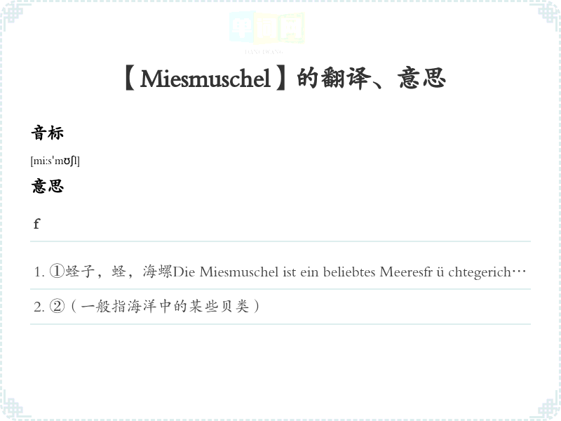 ①蛏子,蛏,海螺Die Miesmuschel ist ein beliebtes Meeresfrüchtegericht.蛏子是一种受欢迎的海鲜菜肴。
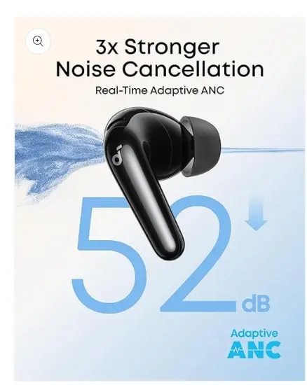 Real-Time Adaptive Noise Cancelling:Advanced ANC reduces noise by up to 52 dB. Adaptive technology detects your surroundings and automatically chooses the best noise-cancelling level for you.
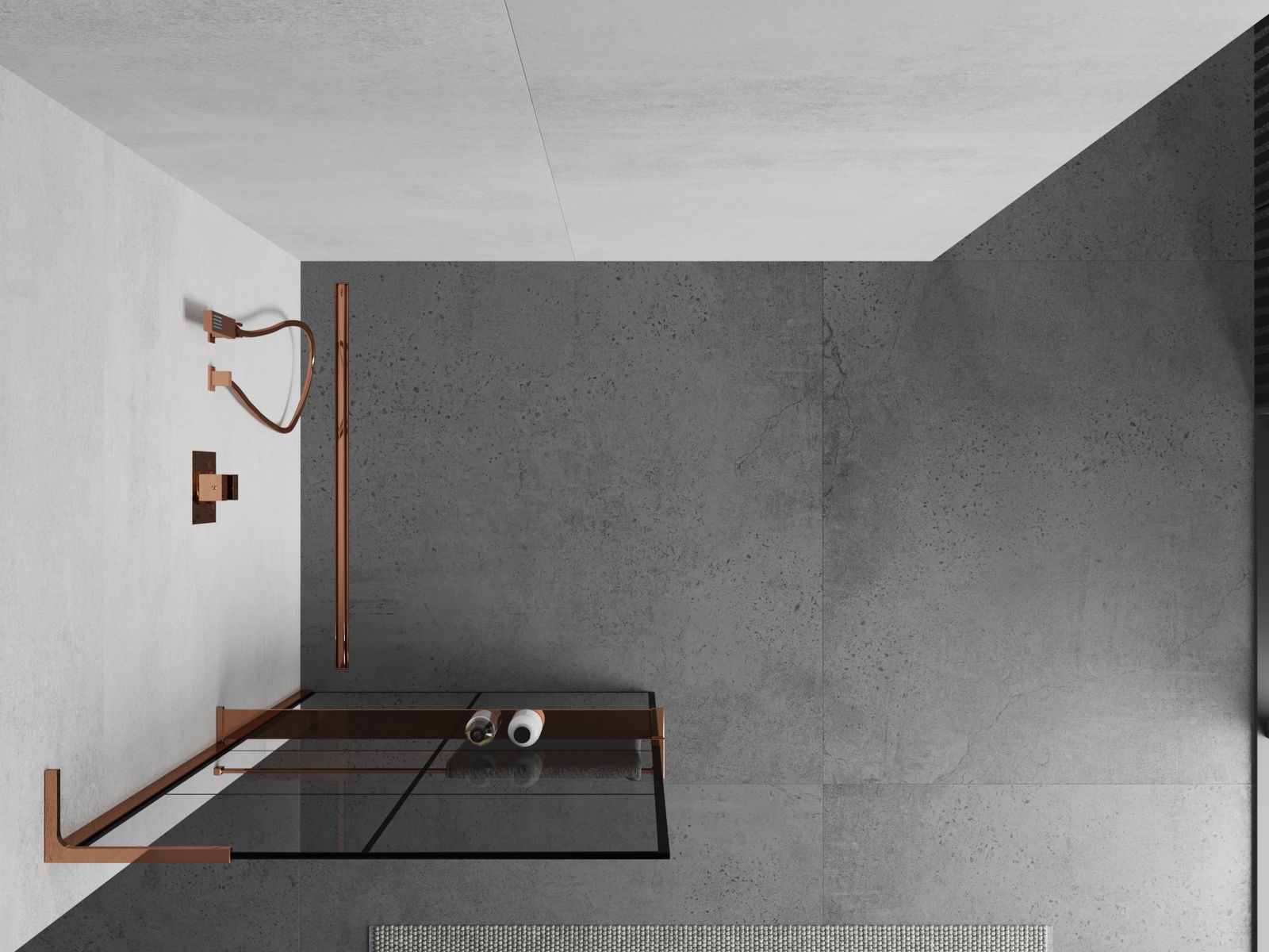 Mexen Kioto+ L shower wall with shelf Walk-in 90 x 200 cm, black grid, rose gold - 800-090-123-60-77
☆ ☆ ☆ ☆
- [YOUR TASK]
Extract, word for word, each line from the one that contains "Real-Time Adaptive Noise" through the final line of the data above. Leave the pictures out.

- [RESPONSE TO THIS TASK]
 Real-Time Adaptive Noise Cancelling:Advanced ANC reduces noise by up to 52 dB. Adaptive technology detects your surroundings and automatically chooses the best noise-cancelling level for you.
 Mexen Kioto+ L shower wall with shelf Walk-in 90 x 200 cm, black grid, rose gold - 800-090-123-60-77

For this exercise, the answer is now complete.